→ What is required
In your copy, each record should read exactly as it does below, and no pictures should be present.

══ The input ══

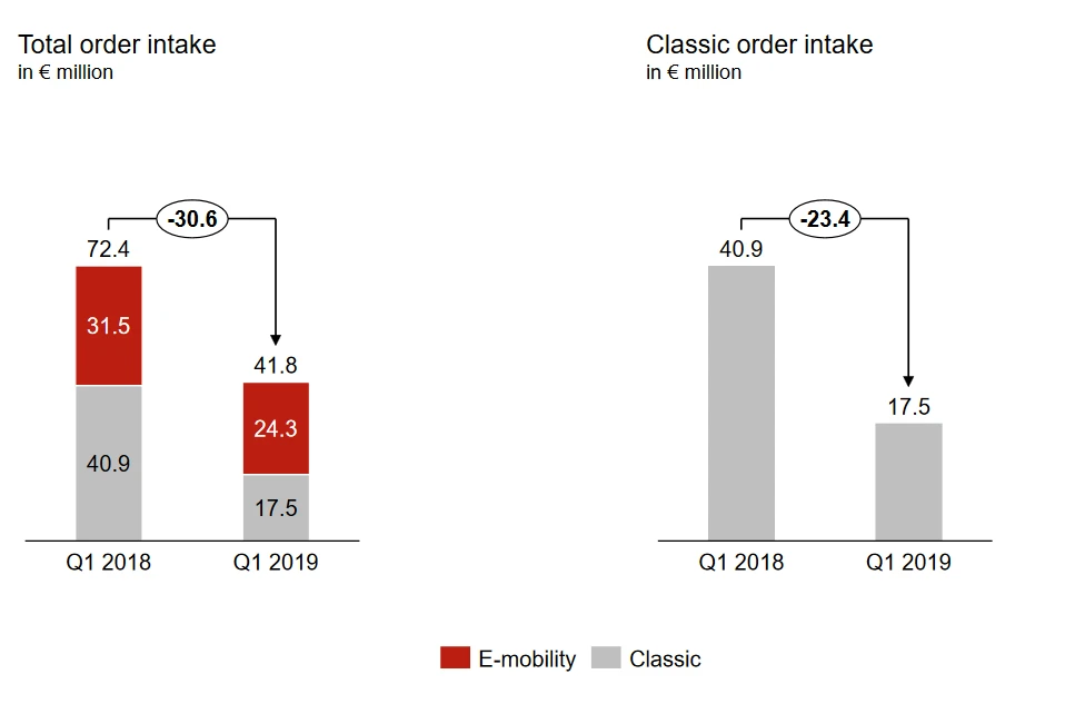 Enttäuschung auf der ganzen Linie. Wiederholte Verschiebungen von Auftragsvergaben mit signifikantem Volumen hätten zu einem enttäuschenden Auftragseingang von 85 Millionen Euro im ersten Halbjahr geführt. Ausschlaggebend für diese Entwicklung seien insbesondere der rückläufige Fahrzeugabsatz und die daraus resultierende Verunsicherung in der Automobilindustrie.
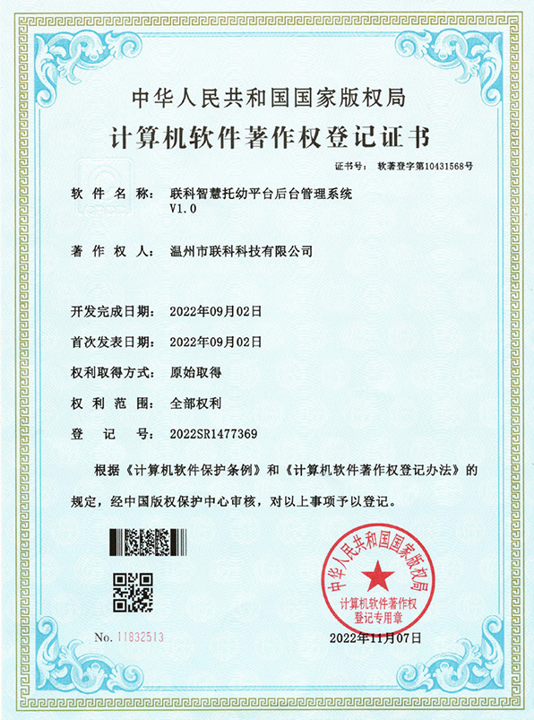聯科智慧托幼平臺老師客戶端軟件V1.0登記證書(2022R11L2332140)
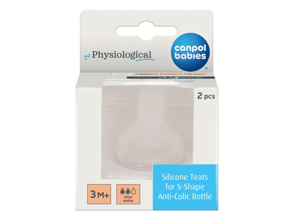CANPOL BABIES Cumlík silikónový na fľašu S-Shape pomalý 3m+, 2ks
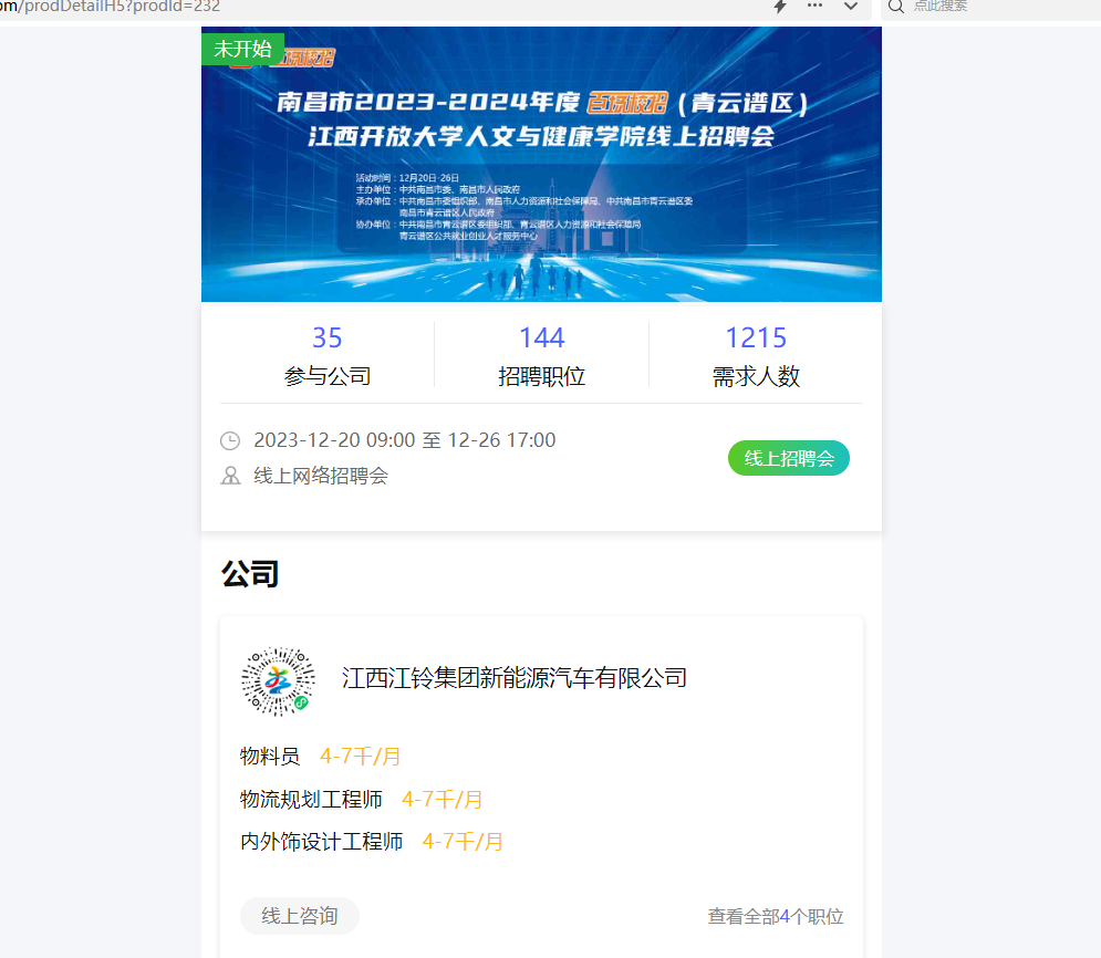 网址https://qypper.rencaidanao.com/prodDetailH5?prodId=232南昌市2023-2024年度“百场校招”(青云谱区)江西开放大学人文与健康学院线上招聘会(12月20日-26日)
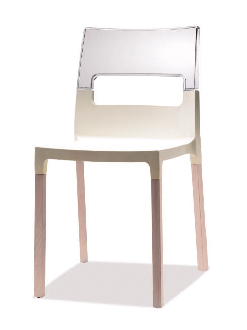 Silla en madera de haya y tecnopolímero, apilable y cómodo
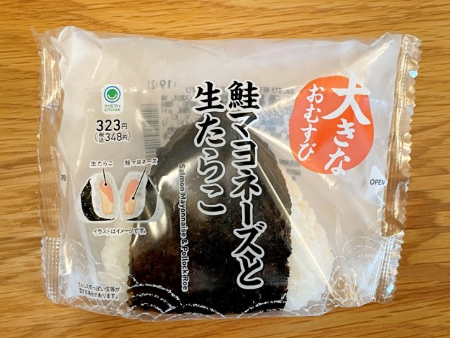 ▼ Family Mart’s “Large Rice Ball with Salmon Mayonnaise & Pollock Roe” (348 yen)

═══

→ Completed task
 Enttäuschung auf der ganzen Linie. Wiederholte Verschiebungen von Auftragsvergaben mit signifikantem Volumen hätten zu einem enttäuschenden Auftragseingang von 85 Millionen Euro im ersten Halbjahr geführt. Ausschlaggebend für diese Entwicklung seien insbesondere der rückläufige Fahrzeugabsatz und die daraus resultierende Verunsicherung in der Automobilindustrie.
聯科智慧托幼平臺老師客戶端軟件V1.0登記證書(2022R11L2332140)
CANPOL BABIES Cumlík silikónový na fľašu S-Shape pomalý 3m+, 2ks
 网址https://qypper.rencaidanao.com/prodDetailH5?prodId=232南昌市2023-2024年度“百场校招”(青云谱区)江西开放大学人文与健康学院线上招聘会(12月20日-26日)
 Silla en madera de haya y tecnopolímero, apilable y cómodo
 ▼ Family Mart’s “Large Rice Ball with Salmon Mayonnaise & Pollock Roe” (348 yen)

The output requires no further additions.